偸盗(ちゅうとう)
偸盗という言葉を見ていると、どうして人はここまで簡単に「盗む」という言葉を理解したつもりになれるのかが分からなくなるし、分からないというより気持ちが悪くなる、盗むとは物を奪うことだ、金を奪うことだ、財産を奪うことだと誰もが迷いなく口にするのだが、それは盗まれたと分かるものしか見ていないだけであって、見えているものを数えながら理解したなどと言われても、そんなものは盗みの後始末を眺めているだけで、盗みそのものを見ていることにはならず、本当に盗むという行為は奪われたと気付かせないところから始まっているはずなのに、誰もそこまで思考を潜らせようとしない、潜らせないというより、潜った瞬間に自分の足元まで崩れてしまうから怖いのだろう、だから皆、盗まれた財布や金額だけを数えて安心する、数えられるものならまだ残っていると思えるからだ。
数えられないものはどうする。
失ったことさえ分からないものはどうする。
人はそれを盗みとは呼ばないらしい、呼べないのではなく、呼んでしまえば今まで自分が見てきた盗みというものがあまりにも浅かったと認めることになるから呼ばないだけで、本当は笑う理由も、怒る理由も、疑う理由も、信じる理由も、もっと前に誰かに持っていかれているかもしれないのに、それを考えようともしないまま物だけ見て盗みを語る、その順番だけはどうしても理解できないし、理解したいとも思わない、理解とは思考を止めるための言い訳にしか見えないから、理解したと言う人間ほど盗まれていることに気付かないまま生きていくのだろうし、その姿を見ていると、盗む側は随分と楽なものだと思えてしまう、盗まれた本人が自分は何も盗まれていないと信じ続けてくれるのだから、これほど都合のいい盗みがあるだろうか。
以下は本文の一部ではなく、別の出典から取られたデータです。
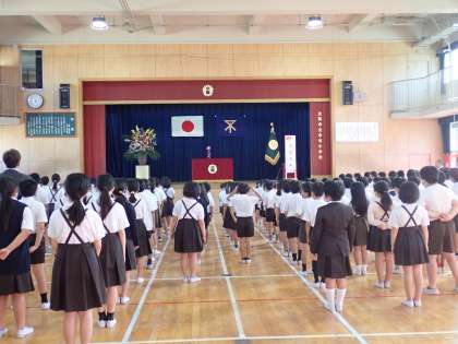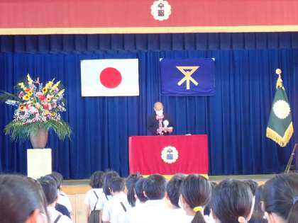 校長の式辞の中では、主に創立90年の歴史についての話をしました。また、この地に今福という村が千年も前に存在したことや、150年前に今福村に「今福小学校」が創設されていたことも紹介しました。

だから私は「偸盗」という二文字が嫌いなんじゃない、この二文字を軽く使う人間が嫌いなんだ、盗みという行為をあまりにも安くしすぎている、盗まれたことが分かるものだけを盗みだと思い込み、盗まれたことさえ分からなくされたものを最初から存在しなかったように扱う、その鈍さが、この言葉を腐らせる、腐らせていることにも気付かず、それでも盗みを知っている顔で語る、その顔を見るたびに、本当に盗まれたものは財布でも金でもなく、人間が自分で失ったことに気付く力そのものだったのではないかという考えだけが何度捨てても戻ってきて、戻ってくるたびに私はまた「偸盗」という二文字を見つめ直してしまう。